Каспер Давид - Свиньи олимпийской породы.
Там были и жены «спортсменов», и дети, и, сожалевшие о неспособности принять участие в ежегодном развлечении, старики. Как правило, выпив заготовленного для излечения будущих травм самогона, они рассказывали о прошедших битвах, в которых принимали участие сами. Недостатка в восторженных слушателях не было.
В кулачном бою существовали незыблемые правила, за нарушение которых виновник избивался своими же земляками. Были запрещены удары ногами и ниже пояса. Драка, в которой обычно участвовало по сто человек с каждой стороны, была чисто кулачная. Она так и называлась — «кулàчки». Любой нежелающий или неспособный продолжать «меситься» мог выйти из боя просто подняв руку.
Бойцы раздевались до пояса и сходились «стенка на стенку» под улюлюканье болельщиков.

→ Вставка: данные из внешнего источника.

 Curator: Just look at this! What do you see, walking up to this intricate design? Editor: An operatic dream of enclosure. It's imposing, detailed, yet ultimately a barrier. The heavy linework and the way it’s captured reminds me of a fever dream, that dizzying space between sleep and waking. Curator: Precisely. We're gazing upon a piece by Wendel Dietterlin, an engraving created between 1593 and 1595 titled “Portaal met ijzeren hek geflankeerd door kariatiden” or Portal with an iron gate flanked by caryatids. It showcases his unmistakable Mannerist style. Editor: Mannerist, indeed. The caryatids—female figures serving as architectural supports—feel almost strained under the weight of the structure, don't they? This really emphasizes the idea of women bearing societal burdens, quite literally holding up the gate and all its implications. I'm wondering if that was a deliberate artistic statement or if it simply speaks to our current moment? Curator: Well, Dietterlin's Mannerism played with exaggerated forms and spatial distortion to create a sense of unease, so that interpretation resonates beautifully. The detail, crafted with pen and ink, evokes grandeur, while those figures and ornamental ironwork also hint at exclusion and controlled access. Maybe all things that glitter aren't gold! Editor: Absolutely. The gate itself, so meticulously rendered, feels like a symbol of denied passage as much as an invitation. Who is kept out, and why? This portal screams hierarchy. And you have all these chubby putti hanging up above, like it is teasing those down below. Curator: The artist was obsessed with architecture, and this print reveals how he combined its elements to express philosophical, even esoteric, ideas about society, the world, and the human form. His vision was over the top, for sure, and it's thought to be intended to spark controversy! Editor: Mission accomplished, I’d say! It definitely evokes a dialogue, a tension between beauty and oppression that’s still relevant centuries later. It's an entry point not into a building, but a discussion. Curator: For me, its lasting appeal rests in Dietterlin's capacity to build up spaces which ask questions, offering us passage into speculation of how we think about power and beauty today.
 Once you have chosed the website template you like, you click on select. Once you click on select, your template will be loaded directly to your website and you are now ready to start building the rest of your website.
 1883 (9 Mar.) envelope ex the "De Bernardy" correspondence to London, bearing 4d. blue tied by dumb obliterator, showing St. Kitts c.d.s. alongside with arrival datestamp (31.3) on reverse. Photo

Как заканчивается битва и кто в ней победил — не оговаривалось. Каждый считал себя победителем, а драка завершалась сама собой. После боя начинался совместный пир окровавленных участников и зрителей. Пьянка и братание недавних врагов, но, на самом деле, старых знакомых и собутыльников, была не менее важна, чем само состязание, приводившее к потере десятков зубов. Как утверждал Федотов, на его памяти дважды случались «смертные» случаи, но ни к каким последствиям это не привело, так как среди «спортсменов» были местные милиционеры и высокопоставленные комсомольцы, а среди зрителей — председатели колхозов, райкомов и другие важные дядьки.

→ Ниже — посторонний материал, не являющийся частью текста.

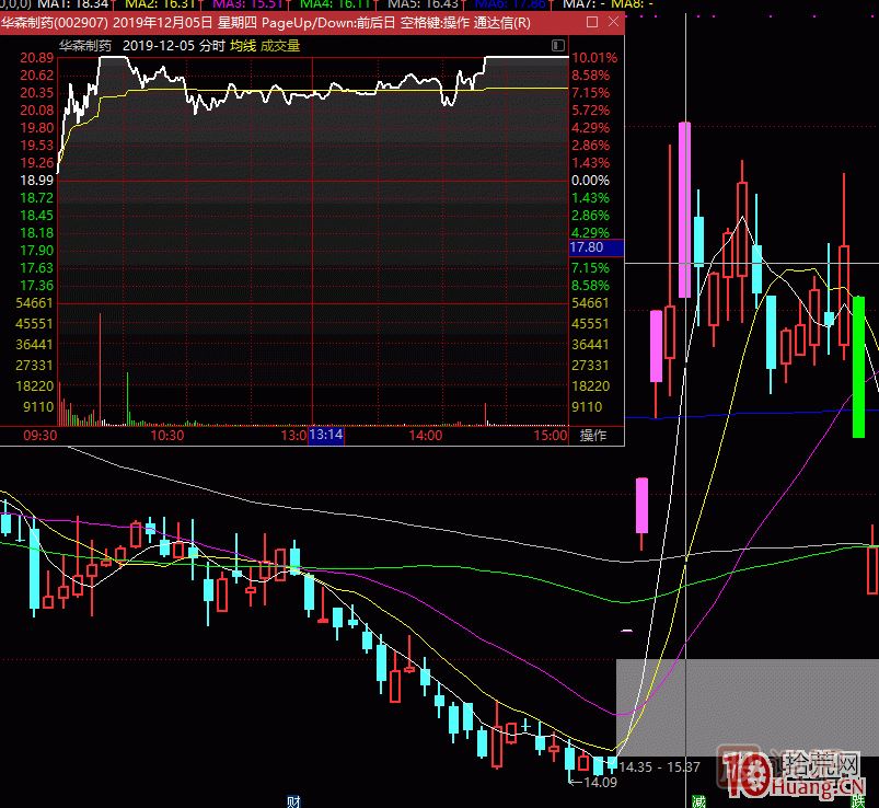 19年12月5日的華森制藥 ,前一天漲停未遂,沖高回落9%,第二天紅盤開盤,這也是典型的競價弱轉(zhuǎn)強。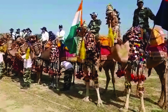 बल के पहले महिला कमाण्डो दल ने साहसिक प्रदर्शन कर तालियां बटोरी। संचालन खुशबू गोयल ने किया। सीमावर्ती गांवों में 'बेटी बचाओ-बेटी पढ़ाओ का संदेश देने के लिए कैमल सफारी बाड़मेर से बाघा बॉर्डर तक निकाली जा रही है। सीमा सुरक्षा बल की अधिकारी तनुश्री पारीक, वायु सेना की स्कवाड्रन लीडर अन्युश्का लोमस सहित अन्य अधिकारी इसमें भाग ले रही हैं।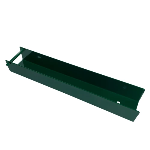 Produktet er fremstillet af galvaniseret stål beklædt med pulverlak i farven grøn RAL 6005. Dobbelt korrosionsbeskyttelse — galvaniseringslag plus pulverlakering — garanterer mange års modstandsdygtighed mod fugt, nedbør og korrosion, hvilket eliminerer behovet for yderligere vedligeholdelse. Den æstetiske, ensartede finish harmonerer smukt med moderne panelhegn i den populære grønne farveskala.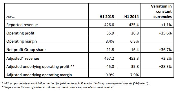 Reported operating profit increased by 35.6% in constant currencies to CHF 35.9m for a margin of 8.4% compared with CHF 26.8m and a margin of 6.3% respectively in the first half of 2014.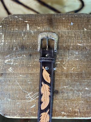 TWISTED X BELT | TOOLED LEATHER FEATHER X-1032 FINAL SALE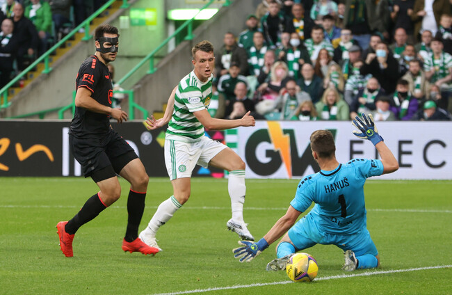 Celtic had a let-off in the opening moments of the second half when Carl Starfelt went in with a reckless penalty-box challenge which appeared to hurt his opponent. The referee saw nothing wrong with it and the hosts survived when Jakub Povazanec shot just over.

Максим был равнодушен к столь активному времяпрепровождению, и это огорчало Сергея. Многие их сослуживцы, наслушавшиеся рассказов Федотова, горели желанием поехать в пензенскую область и принять участие в крушении челюстей заранее ненавидимых ими красноперцев.
Но Серега считал своим главным другом Максима и он никак не мог понять, почему Макс не жаждет сражаться бок о бок с ним. Однако Яцкевич не любил насилие, что не мешало ему частенько ввязываться в драки. Об этом свидетельствовало отсутствие половины переднего зуба и многажды сломанный нос. В последний раз его сломали чуть больше полугода назад в этой же части, из–за категорического отказа унижаться. Самое смешное было то, что «противник насилия» ударил первым в случае, когда ситуацию можно было решить мирным путем.
Дело в том, что Максим слишком много думал. Он думал о «дедовщине» и о своей незавидной роли «духа» в неуставных взаимоотношениях. Он думал, как ему быть, когда придет его черед прогибаться. Опций было несколько, но он принял самое тяжелое решение. Теория была такова: например его заставляют стирать чужие портянки. Вариантов его ответных действий — три.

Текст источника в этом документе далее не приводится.